What’s the risk in signing JaMarcus Russell?
The Oakland Raiders finally put an end to the misery and parted ways with the top pick in the 2007 draft, JaMarcus Russell. I detailed the enormous cost to the Raiders in December when Russell was demoted in favor of Charlie Frye (yes, Charlie Frye). As you can see, the contract is jaw dropping when juxtaposed against Russell’s production -- a record of 7-18, a total of 18 touchdown passes and a miserable passer rating of 65.2 -- in three years.
So much for so little
Russell leaves with $36 million and another parting gift of $3 million, the amount still guaranteed on his contract, an amount that has no offset. In other words, as we’ve seen this offseason with the “no offset” guarantees of Jake Delhomme and Alan Faneca, Russell can keep the $3M from the Raiders on top of whatever he might make from another team.
Russell will now become the leader in the clubhouse as the NFL player who has done the least for the most money. And he will maintain his position as Exhibit A for management to the union as to what’s wrong with the rookie compensation system (something the union agrees with).
To add to his resume, Russell also becomes the heavyweight champion for the biggest bust in the NFL. The reason: Like everything else, follow the money. While the money given to players such as Ryan Leaf, Tony Mandarich, Tim Couch and others was substantial, it doesn’t rival the $39M prize for Russell. The financial implications, along with the (lack of) production, qualify him for that label.
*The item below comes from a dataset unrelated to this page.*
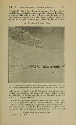 | Keywords: The Quarterly journal of the Geological Society of London (12894092774).jpg Vol 53' ROCKS AND FOSSILS FROM FKANZ JOSEF LAND <br> 481 <br> determined by him to be of Upper Jurassic age The fact of these <br> fossils having been found on the basalt also influenced Dr Nansen <br> in referring this rock in part at least to the Jurassic period <br> Evidences of recent changes in the relative level of land and sea <br> are referred to in Dr Hansen's book Thus Mr Jackson's hut is <br> Fig 2 ” Elmwood Cape Flora <br> broin a photograph ” This view shows the exposure of basaits above and the <br> huts of the Expedition below the talus-heaps which are here covered by snow <br> built on an old beach 40 to 50 feet above sea-level and other <br> beaches were found at still greater elevations Raised beaches <br> were also observed farther north in the neighbourhood of the hut <br> in which Dr Nansen wintered <br> A number of geological specimens were sent home by Mr Jack- <br> son and his party when the Windward returned in 1895 and a <br> short note on some of these was appended by our colleague Mr G <br> Sharman and one of us to Mr Montefiore Brice's report of the <br> expedition 1 The much larger series of specimens of both rocks and <br> 1 Geogr Journ vol vi 1895 p 518 <br> Q J G S No 212 k 36029326 111130 51125 Page 481 Text 53 http //www biodiversitylibrary org/page/36029326 1897 Geological Society of London Biodiversity Heritage Library The Quarterly journal of the Geological Society of London v 53 1897 Geology Periodicals Smithsonian Libraries bhl page 36029326 dc identifier http //biodiversitylibrary org/page/36029326 smithsonian libraries Information field Flickr posted date ISOdate 2014-03-03 Check categories 2015 August 26 CC-BY-2 0 BioDivLibrary https //flickr com/photos/61021753 N02/12894092774 2015-08-26 16 51 31 cc-by-2 0 PD-old-70-1923 The Quarterly journal of the Geological Society of London 1897 Photos uploaded from Flickr by Fæ using a script |

A better comparison for the “bust” argument would not be other rookies but marquee veteran free-agent signings who provided momentary euphoria for the team and its fan based followed by a trail of disappointment and wasted money (Albert Haynesworth, anyone?).
The $6.45M risk
The timing of Russell’s release was surprisingly after the Raiders’ post-draft minicamp. Russell was carrying a $9.45M number in 2010 with, as noted above, $3M of it guaranteed. So one cut the wrong way or a buckling of the knee could have cost the Raiders $6.45M. Some have even wondered if Russell would take a hammer to his knee one night during minicamp and show up in the trainer’s office the next morning (I can’t prove it, but I’m certain that happened with a player or two at the Packers in my time there).
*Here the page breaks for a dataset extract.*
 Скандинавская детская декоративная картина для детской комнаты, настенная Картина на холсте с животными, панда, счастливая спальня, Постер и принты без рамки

The question that’s now being asked is whether Russell will join another team, what team and when. My colleague Matt Bowen says no team should waste its time. I say someone will, and the question to ask is not who or when but for how much?
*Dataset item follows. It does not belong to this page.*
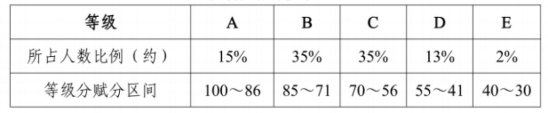 考生在政治、地理、化学、生物4门科目中选2门参加考试。每名考生按其卷面分在该选考科目的考生群体中的排序,从高到低划分为A、B、C、D、E共5个等级,各等级人数所占比例分别约为15%、35%、35%、13%和2%,等级分赋分区间分别为100-86,85-71,70-56,55-41,40-30,再根据“等级分换算公式”算出考生等级分,最后计入高考总成绩。

We know Russell is a talent. We know that if the Raiders didn’t select him first in the 2007 draft, he would have been scooped up soon thereafter. The issue has been his work ethic, discipline and willingness to get better. And a big part of that problem, in my opinion, has been the fact he already had “screw you” money that ensured his status on the team, no matter what his level of performance.
Now he would come to a new team in a completely different situation. Would I consider signing Russell if I was with a team? I’m not a personnel expert, but to me it comes down to risk. If the risk were minimal – a contract that the team could get out of at any time with little to no consequences – and the coaching and scouting staffs were on board, I would do it.
In Green Bay in 2004, after passing on options such as Kerry Collins and others, we signed Tim Couch as a potential backup to Brett Favre. Couch, another former top pick in the draft who had made more than $20M with the Browns, was a low-risk investment and a good guy who was excited to join the team and understood his changed status. Tim had made his money, now he had to make a team (he didn’t and was released in training camp).
Someone will take a chance on Russell and add to his $39M three-year career earnings. The issue is making sure that whatever that is, it represents minimal risk for a player who may only be on the roster for months or even weeks. As to whether that will happen, it will come down to the number of teams interested and any leverage created by more than one suitor.
Sign JaMarcus? Sure, but at his risk, not your own. He’s had too much of the other way around.